Metric or Imperial is a bit like asking Pepsi or Coke?

What do you plan on doing on the lathe?
Do you prefer working with metric or Imperial?
Do you plan on making replacement parts for older items that are imperial or just make new stuff in metric?

I prefer metric as I was raised on that but find I fix a lot of old toy steam engines that are all made with imperial meaurements so I have to convert all the measurements to metric which gives me odd numbers to work with, but so far its not caused me any major headaches.
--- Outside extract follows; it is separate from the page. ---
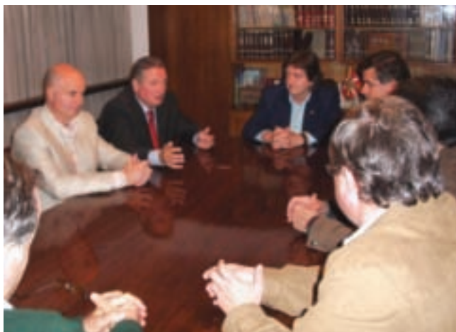
Con la directiva de Eusko Etxea - Casa Vasca de Chile

En el Centro Vasco se abordó el proyecto para un nuevo edificio al servicio de la colectividad vasca. En el Basque Museum se hizo un seguimiento de la exposición que se organizará en Ellis Island. Se tuvo un primer contacto con el Comité del Jaialdi 2010 y se visitó el Centro de Estudios Vascos de la Universidad de Boise, la Fundación Cenarrusa, la Ikastola de Boise. La delegación también pudo asistir a la festividad de San Ignacio, la fiesta más importante de Boise.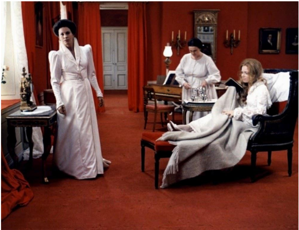
Bergman, I. (Director), Nykvist, S. (Fotógrafo), 1972. Viskningar och rop [Captura-Película]. Suecia, Svenska Filminstitutet, Cinematograph AB.

Not much help I know, but just think about what you will mainly do and in what measurements and go with that.


----------



## Mainer (Mar 2, 2010)

If you plan to cut BSP, you probably want an imperial leadscrew. You can use dies in a tailstock die holder to cut any thread under about 3/8" or 1omm, unless you need the thread absolutely square and concentric to the work (die-cut threads tend to wander a bit). 

But, it's really up to you. tmuir sums it up: what do you plan to do? If you're going to mostly work in metric, having imperial graduations on the dials will be a constant headache. A metric leadscrew will make cutting any imperial-based threads a real pain though.


----------



## hammers-n-nails (Mar 2, 2010)

i dont know how that particular lathe is set up but mine is a 13x40 from grizzly so its just your common SIEG re-branded but anyway it is actually a metric machine with different dials and its kindof a PITA to use sometimes for big parts. for example one turn of the wheel moves the carage .56" one turn of the crossfeed wheel is .100 as usual and the compound is .125/turn. so when moving multiple turns it gets confusing. if your comfortable with metric id go with metric.


----------



## Blogwitch (Mar 2, 2010)

With that sized lathe, I don't know if it has the true conversion gear of 127, or a near enough one of 63.
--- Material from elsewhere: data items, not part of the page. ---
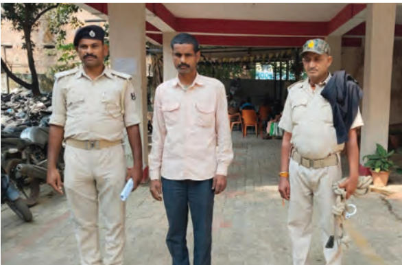
थाना परिसर से जेल जाता गिरफ्तार युवक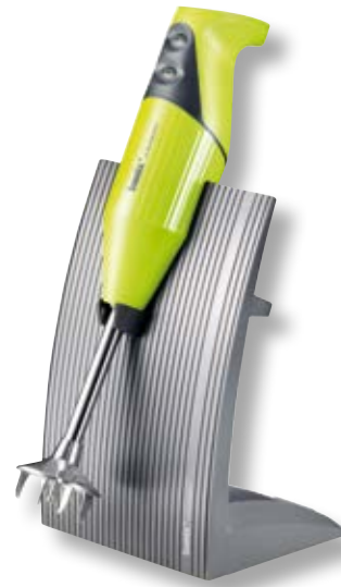
bamix® SwissLine Lime BX SL GR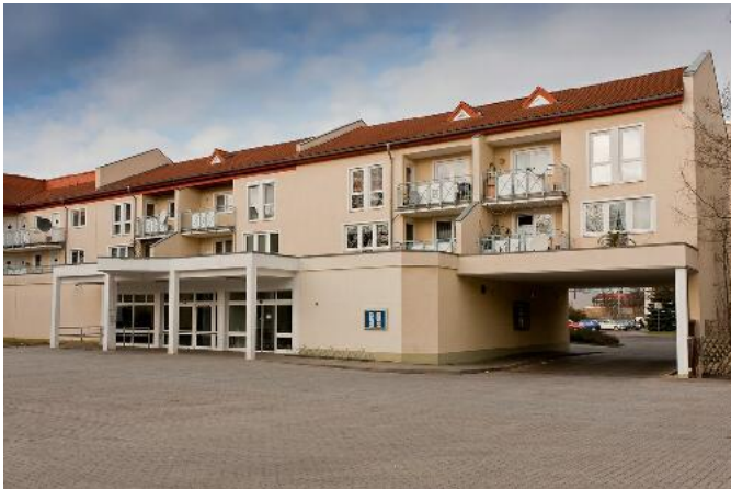
Eingangsbereich u. Parkplatz

Mietbjekt: Forst, Am Haag - SB-Markt Exposé für das Objekt: Forst-G-0.1

I am like yourself, and can work in both standards, and I always had Imperial machines. Recently I bought new metric ones, and found no problems at all cutting perfect Metric and Imperial threads, but mine has that 127 gear in the train. On some of these smaller machines, they cannot be accomodated because of the physical size of the gear, so they so they put a 63 one in instead. This gives a close approximation of a metric thread, and would most probably be close enough for most needs, as long as the nut going onto the thread wasn't too long.

Whichever one you went for, I doubt if both types of threads could be cut in the same way, that is using the drop in dial. One or the other would need to have the half nuts engaged permanently while the thread was cut.

Seeing as you are from the UK, and your background in how you can work in both systems, I would suggest the metric version. In the long run, it should suit you better, and of course it would be easier to sell on, as the country is now almost all metric, with only the diehards hanging onto the Imperial system.

I was forced to go to a metric machine because they didn't do my one in Imperial over here, but I have suffered no where near as badly as I thought I would. After a couple of weeks, Imperial was forgotten about and I just got on with it. It does help a lot having DRO's though.

Blogs


----------



## Jasonb (Mar 3, 2010)

If you can afford the extra then the 280VF with power cross feed is a bonus, I've had one for about 18mths and wouldn't want a lathe without this in the future.

I went for an imperial machine (8tpi lead screw) as most of the models I am likely to want to do are in imperial, the other handwheels are 0.100" per turn. I've only cut imperial threads with it so can't comment on the accuracy of the metric ones. Don't know what size BSP you intend to cut but 1/4 & 3/8 could be a problem as I think the 250 has a similar range to mine which does not include 19tpi and 1.33mm is not a metric pitch either.

Jason


----------



## Hilmar (Mar 3, 2010)

Blogs

  On that new lathe,what is the pitch of your lead screw?
Hilmar


----------



## bucketboy (Mar 3, 2010)

Thanks guys, metric it is then, 3/8 BSP is 19 tpi, bit of a bummer the machine has not got that :-[ I'll sort something :-\ I did look at the 280 VF, its only £500 more, but the GH1224 is only another £600 although a better machine it would be hard for me to justify the extra expense to the missus ???


Might get one just to p*** her off ;D ;D

Bb


----------



## John Rudd (Mar 3, 2010)

Bb, my take on this for what its worth...

Decide on what you want to make with your toys, whether metric or imperial, your choice..

If the VF fits the bill and costs an extra £500 then go for it, if the GH is another £600,can you afford it? (not being personal here) If you can then I'd be inclined to go for it myself...I dont see the point in buying a mchine that will just do the jobs for you and nothing more....

Many times I've seen folk ask 'Should I buy the mini lathe or go bigger? '

Simply put, you can machine small parts on a big(gish) machine ,but you cant machine big bits on a small one...

I hope your choice meets your expectations


----------



## Blogwitch (Mar 3, 2010)

Hilmar, 

If I remember rightly 3mm.
These are the standard thread and feed charts

Blogs


----------



## Twmaster (Mar 3, 2010)

Bb...

That Warco looks to be the same basic machine as the 10x22 sold by Grizzly. I've never used one but the reports from others with that machine seem to be favorable. Best of luck.


----------